Small cap companies could get a lot more support from their existing shareholders and visa versa — if only companies knew how to get in touch with them.
Back in 2012, the team behind Peloton Shareholder Services pounced on a classic piece of low-hanging fruit: while ASX companies had access to a register of their shareholders, the contact details on the register were often out of date.
“What we find typically is that even before we start shareholder engagement, the contact information on their registry…is probably only 5 to 20 percent accurate,” Peloton’s business development manager, Stevan Adzic, told Star Investing.
It turns out that when trying to engage shareholders, whether that’s with a share purchase plan or a notice of an upcoming annual general meeting, only being able to contact a small percentage of them is a problem.
The problem isn’t that shareholder registry databases such as Link Market Services or Computershare are fundamentally inaccurate — it’s more that as shareholders move or change their contact details simply aren’t updated.
The registry services aren’t obligated to keep updating the databases — it’s up to the companies that use them to keep the details up to date, and they’re simply not doing this enough.
“We’ve set up an information team and we take that information through three layers — and we’re able to guarantee to take that accuracy level up to 40 percent,” Stevan said.
“So not only do we double the number of phone numbers we can contact, we’ve delivered a 100 to 600 percent increase in the amount of shareholders we can contact.”
Trying to find people who have changed their contact details is difficult, which is where Peloton is providing value for a range of small-cap companies which simply don’t have the time, energy, or resources to track down mystery shareholders.
Being able to get in touch with them is one thing — what you say when you get them on the phone is quite another.
Why companies want to contact their shareholders
Stevan said companies typically engage Peloton in one of two ways: reactively or proactively.
The reactive approach
The former is to let shareholders know about a particular raise which is going on, so they don’t miss out on the retail component of it.
Typically, Peloton will get an AFSL-accredited advisor to call the individual shareholder and talk through the offer — and then this will be followed up with an email.
“The phone call delivers a front-of-mind play, whilst the email creates the urgency for the shareholder to participate if it’s a raise — or just to confirm what was discussed during the phone conversation,” Stevan says.
Using this approach, Peloton was able to assist in a recent oversubscribed $5 million rights issue for AVZ Minerals (ASX:AVZ).
He says that despite the offering being announced on the ASX, shareholders will often be in the dark about what’s going on.
“Do all shareholders check the ASX for the latest announcements and read through them?” Stevan asked. “It’s highly unlikely”.
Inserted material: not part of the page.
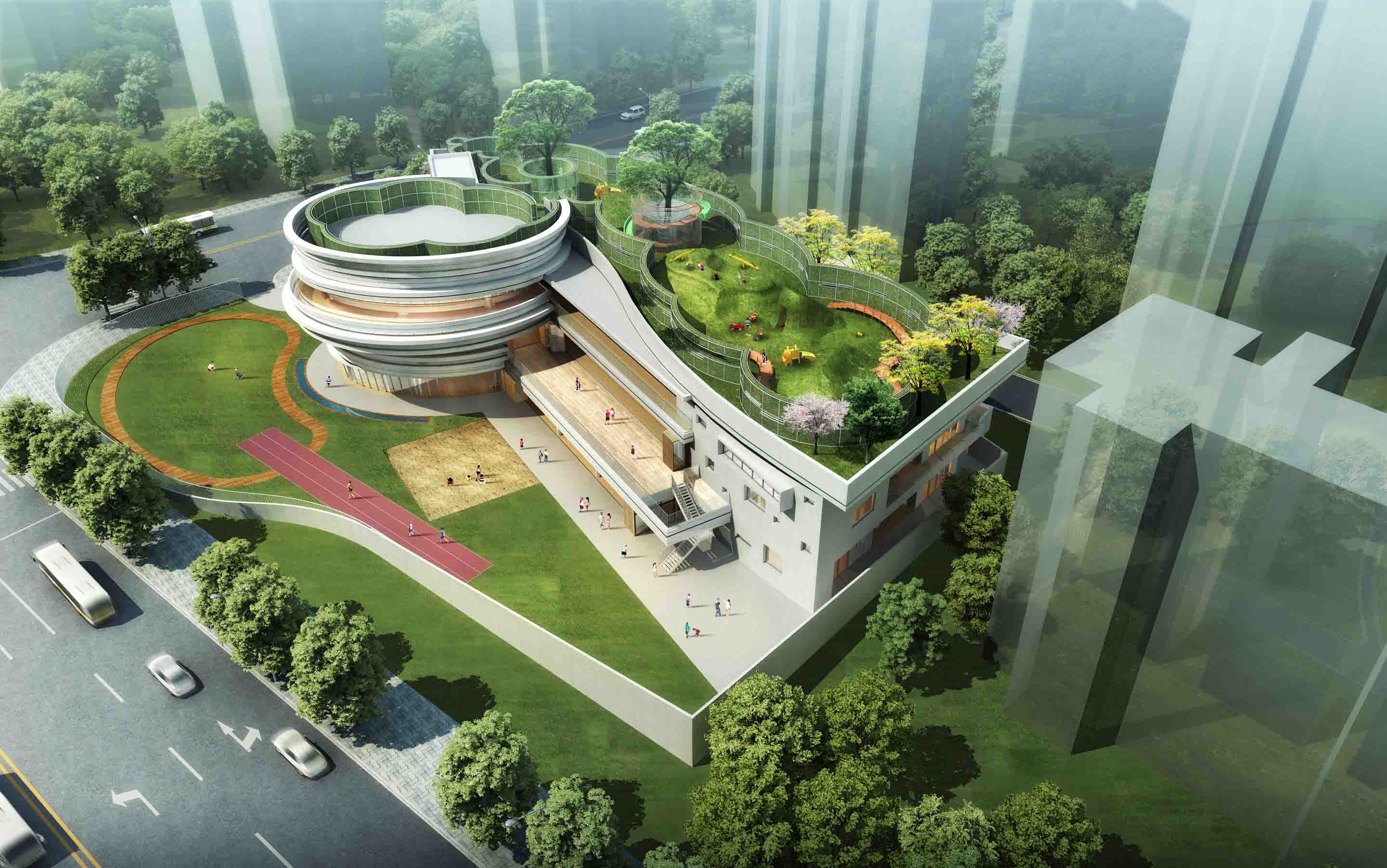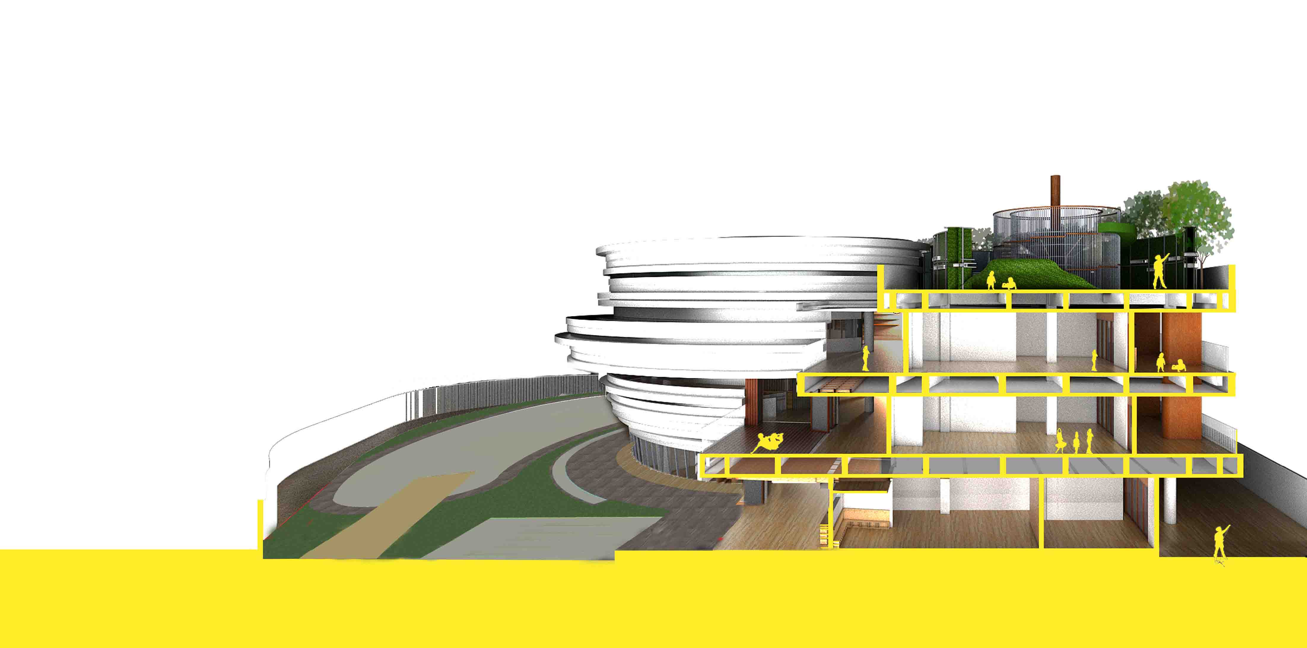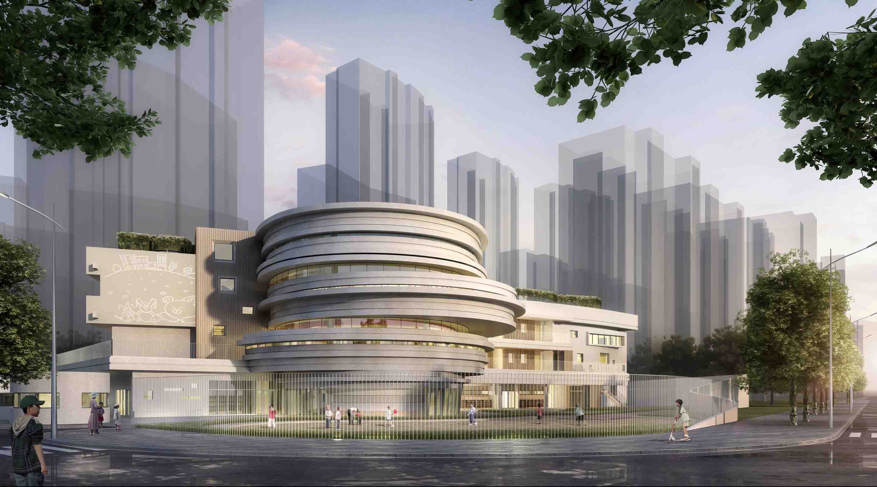 On the basis of the original building framework, the kindergarten cantilevers the entrance circular space to each direction with ellipses as units. The children are brought to the second floor through the ramp inside the space, and the circular circulation is formed through the cantilevered elliptical corridor. At the same time, the belt window is open on the circular circulation, bringing the forest in the century park into the circular space. The north and south directions of the activity room are given way to form a semi-outdoor activity platform, and a more complete circular circulation is formed with the elliptical ring corridor, so that the children can run and play without restriction. The prominent platform introduces the green landscape of the outdoor century park into the kindergarten space, and also blurs the internal and external space. On the other hand, the backstage also effectively blocks the direct light and forms air circulation, creating a more comfortable and natural space for children.

“So they miss out on the opportunity to maybe buy in at a 20 percent discount with no brokerage — and that’s not good for the company or the shareholders.”
Then, there’s a more general information campaign.
The proactive approach
Small cap companies tend to have an issue explaining what they’re doing in simple and enticing terms.
It’s part of why Star Investing exists.
Stevan said by having AFSL-accredited advisors call up shareholders and explain simply what the company is doing, shareholders get simple information from a “trustworthy position of authority”.
“While they can’t give specific advice according to the shareholder’s individual circumstances….they are educated in the market — which means they can have a far more valuable conversation with the shareholder,” he said.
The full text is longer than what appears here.